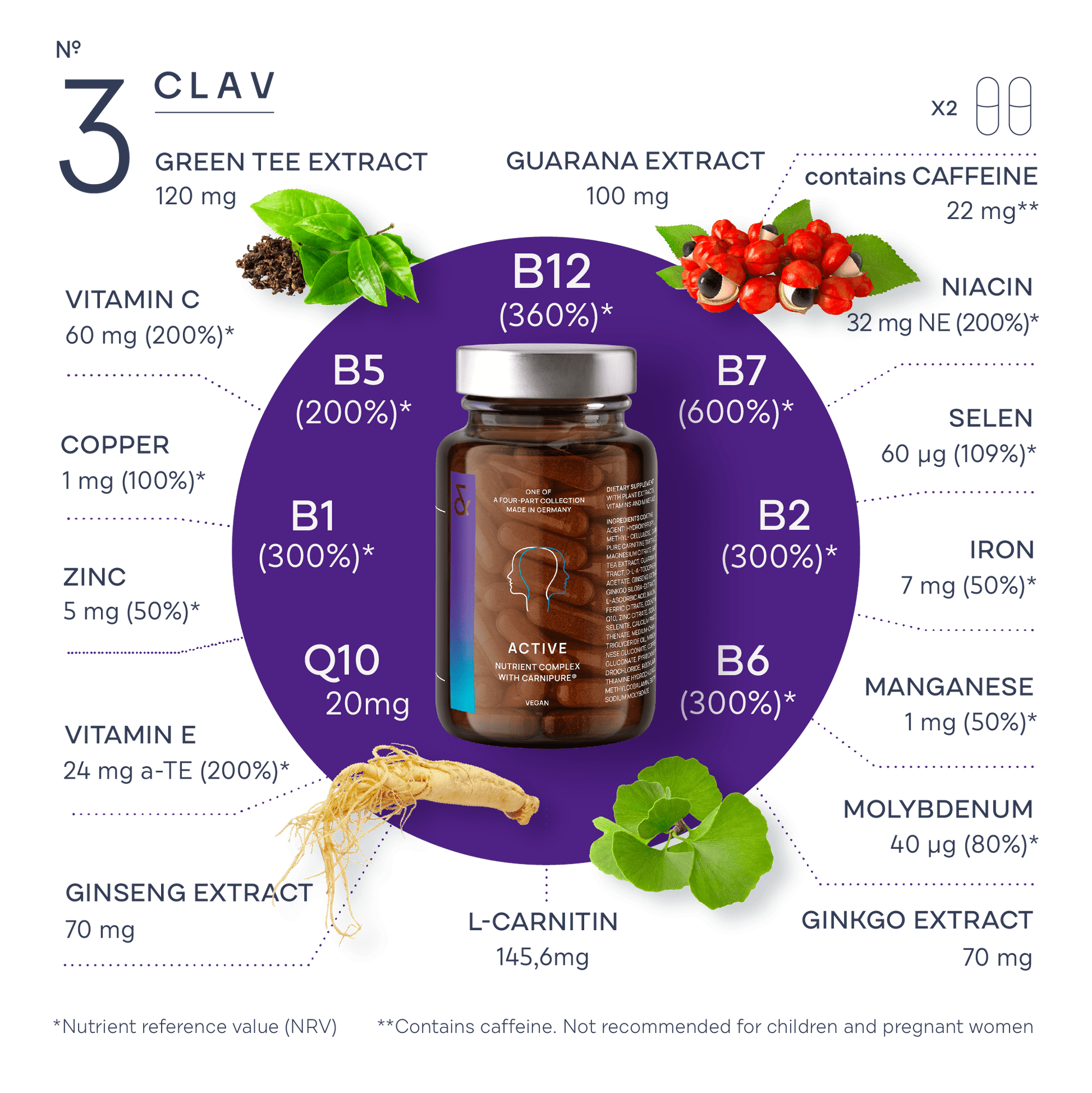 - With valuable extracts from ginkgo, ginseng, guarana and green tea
----
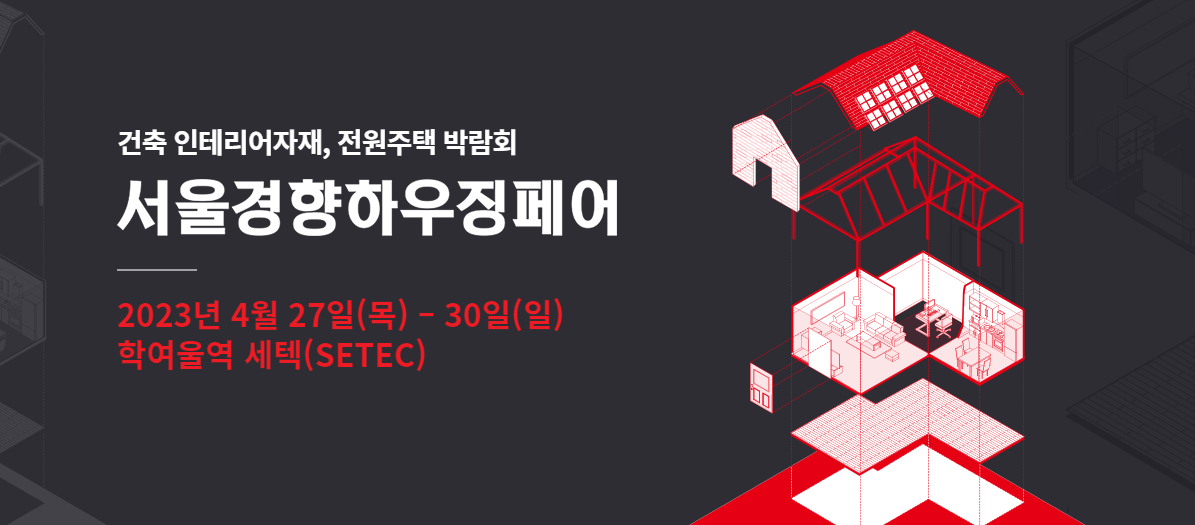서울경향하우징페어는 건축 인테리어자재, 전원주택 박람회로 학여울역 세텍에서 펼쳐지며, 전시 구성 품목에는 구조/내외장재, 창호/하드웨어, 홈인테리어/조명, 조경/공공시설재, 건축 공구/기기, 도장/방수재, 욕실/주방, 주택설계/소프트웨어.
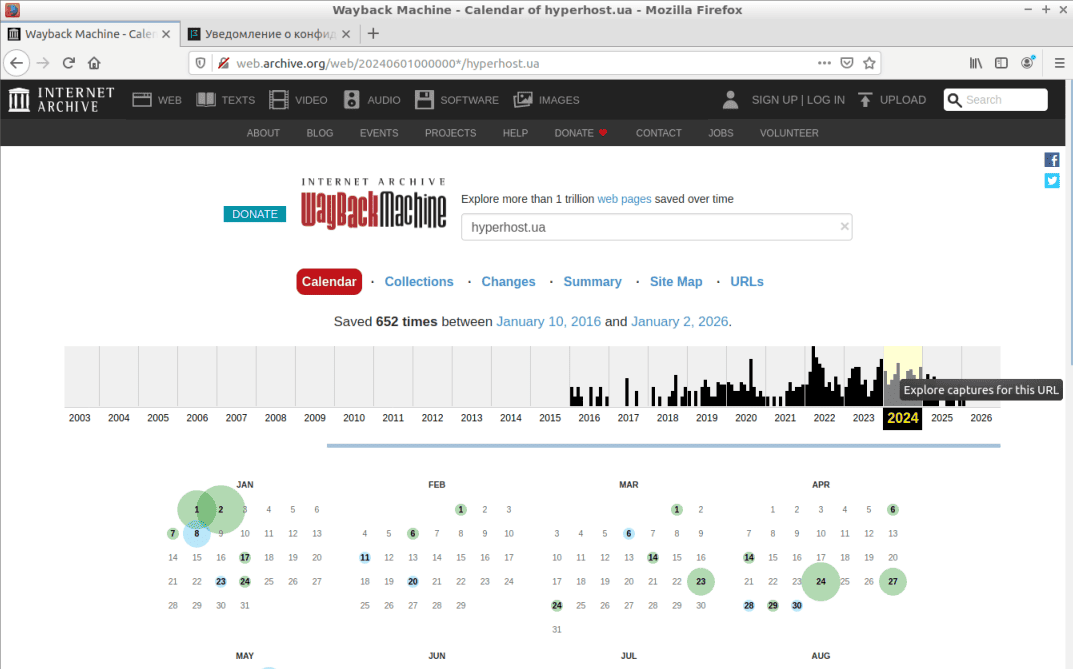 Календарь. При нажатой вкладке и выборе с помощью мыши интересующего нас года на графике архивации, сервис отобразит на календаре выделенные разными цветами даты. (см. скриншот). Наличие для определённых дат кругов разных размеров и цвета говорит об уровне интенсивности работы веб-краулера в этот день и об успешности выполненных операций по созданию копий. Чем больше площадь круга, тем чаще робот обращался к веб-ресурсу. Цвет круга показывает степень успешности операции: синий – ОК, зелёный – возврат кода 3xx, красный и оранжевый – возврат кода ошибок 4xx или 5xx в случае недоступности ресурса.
----
# WHAT IS REQUIRED:
In the records above, everything from the line with "서울경향하우징페어는 건축 인테리어자재, 전원주택" down to the line with "Календарь. При нажатой" is to be set down exactly, both ends included, with no pictures and no other lines.

# PROBLEM SOLUTION:
서울경향하우징페어는 건축 인테리어자재, 전원주택 박람회로 학여울역 세텍에서 펼쳐지며, 전시 구성 품목에는 구조/내외장재, 창호/하드웨어, 홈인테리어/조명, 조경/공공시설재, 건축 공구/기기, 도장/방수재, 욕실/주방, 주택설계/소프트웨어.
 Календарь. При нажатой вкладке и выборе с помощью мыши интересующего нас года на графике архивации, сервис отобразит на календаре выделенные разными цветами даты. (см. скриншот). Наличие для определённых дат кругов разных размеров и цвета говорит об уровне интенсивности работы веб-краулера в этот день и об успешности выполненных операций по созданию копий. Чем больше площадь круга, тем чаще робот обращался к веб-ресурсу. Цвет круга показывает степень успешности операции: синий – ОК, зелёный – возврат кода 3xx, красный и оранжевый – возврат кода ошибок 4xx или 5xx в случае недоступности ресурса.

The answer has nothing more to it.